她看見一個皺著眉頭的男人追在一個興奮地笑個不停的小孩子身後,他的妻子則在一旁露出寵溺的微笑。遠處的角落裡坐著一個面色蒼白的女人,正張開嘴巴深呼吸,手裡抓著一個應急紙袋,看起來十分憔悴。朵拉認出了晨吐的症狀,向她投去一個羞澀、同情的微笑。

她努力不去盯著她們看,但她就是控制不住自己。最吸引她的是她們的肚子,她試圖把自己日益膨脹的肚子與她們的肚子做比較,但太難了。所有的肚子都大小不一,形狀各異——有些幾乎看不出來,有些很小,還有一些碩大無比。突然,她產生了一種奇異的感覺,坐在那裡,被那麼多的希望和期待所包圍,那麼多含苞待放的新生命啊。

一個裹著紗麗的女人從一間檢查室裡走了出來,她的丈夫得意揚揚地跟在她身後。在他與接待員交談的時候,朵拉看見那女人緊緊盯著手裡那張小小的黑白照片,無法移開視線。朵拉想起了丹口中的「大蝦」,不禁笑了起來。這對夫婦謝過接待員之後就離開了診室,就在他們走出旋轉門時,兩個女人一塊兒走了進來。她們留著同樣的髮型——藝術感十足的波波頭——手拉著手,其中一個人明顯懷有身孕。看著這一幕,朵拉想起了凱西。

過去的幾個星期裡,她思考了很多關於凱西的事情,她很難不去想。對於她來說,姐姐是不是同性戀沒有什麼關係,姐姐愛什麼樣的人也沒有什麼關係。她很高興凱西對自己吐露心聲,很高興凱西對自己坦白了她的性取向。將這麼重要的事情隱藏起來……一定很不容易……儘管凱西表面上看起來那麼堅強勇敢,但朵拉知道,姐姐一定很怕把這件事告訴他們,不知道會面對什麼樣的反應。但現在,她很高興自己知道了這件事,知道了凱西的生命中也有個人能給她帶來快樂。

那天在天鵝府的花園裡,凱西告訴她的另一個秘密動搖了朵拉長時間的愧疚,讓朵拉輾轉反側。上個月她在櫻草山上對媽媽講的話全是發自肺腑:她真的認為是時候該走出來了,將過去的事情統統放下。可一想到凱西,還有凱西告訴她的事情,朵拉的內心還是會掙扎。
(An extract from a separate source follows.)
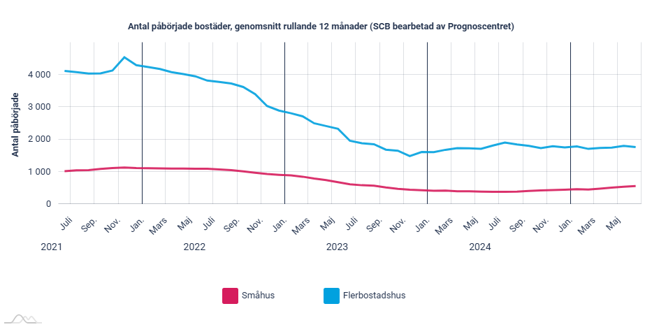 Diagrammet nedan visar antalet påbörjade småhus respektive flerbostadshus beräknat som ett rullande genomsnitt av de senaste 12 månaderna. På det sättet kan trenden i nybyggnationen studeras. Trenden sedan årsskiftet är tydligt positiv för nybyggnationen av småhus medan den är svagt positiv för flerbostadshus. Påbörjandet för både småhus och flerbostadshus befinner sig dock fortsatt på låga nivåer sett ur ett historiskt perspektiv.
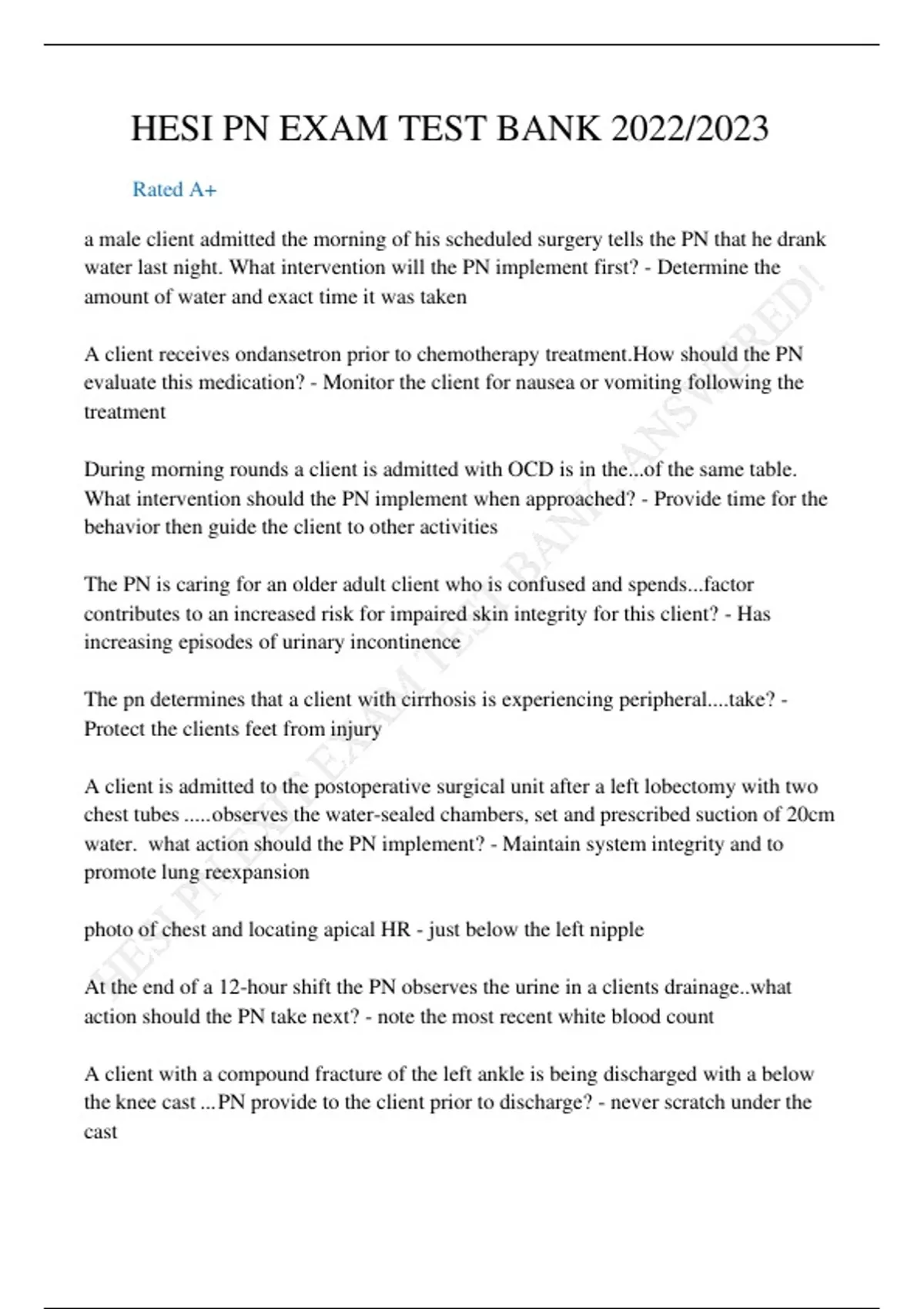 HESI PN EXIT EXAM TEST BANK 2022 /2023 GRADED A+ HESI PN EXIT EXAM TEST BANK 2022 /2023 GRADED A+ HESI PN EXIT EXAM TEST BANK 2022 /2023 GRADED A+

她在無眠的夜晚盯著天花板,將那些場景在腦子裡一遍又一遍地回放,暫停,又回放,一遍又一遍,直到凱西告訴她的景象與自己的記憶糾纏重合。記憶的碎片紛紛就位,拼成一幅巨大的拼圖,如今她可以後退一步,看清楚眼前的一整幅令人心碎的圖景,他們每個人都在其中扮演了各自的角色,導致了最終的結局。在瞭解了一切之後,朵拉感到如釋重負,但隨之而來的是一種新的情緒。

她感到憤怒,憤怒凱西竟然能如此殘忍……如此自私……那樣將阿爾菲趕走,後來又把自己的錯隱藏了那麼久,導致瞭如此痛苦而可怕的後果。但她也明白,那都是一些無心的過失……自私的、年少的過失,沒有惡意。朵拉打心眼裡明白,凱西並不是真的希望阿爾菲溺水……她並不是真的想要他去死。她不是有意的,她的所作所為沒有一絲預謀與邪惡。朵拉比任何人都更清楚,如果以她自己這十年來的痛苦與悔恨相比的話,姐姐付出的代價已經夠多了。她想必已經受夠了煎熬。

可還是有什麼東西在阻止她與凱西聯絡。她知道,要是她無法原諒姐姐那天的所作所為,她就無法真正放下過去,無法真正從她們共同經歷的悲劇中走出來。她知道,要是她做不到這一點的話,就無疑是在欺騙自己。可她就是不知道自己是否已經準備好放下心裡的憤怒。它依然在那裡,炙熱而真實,她不知該如何將它釋放出去。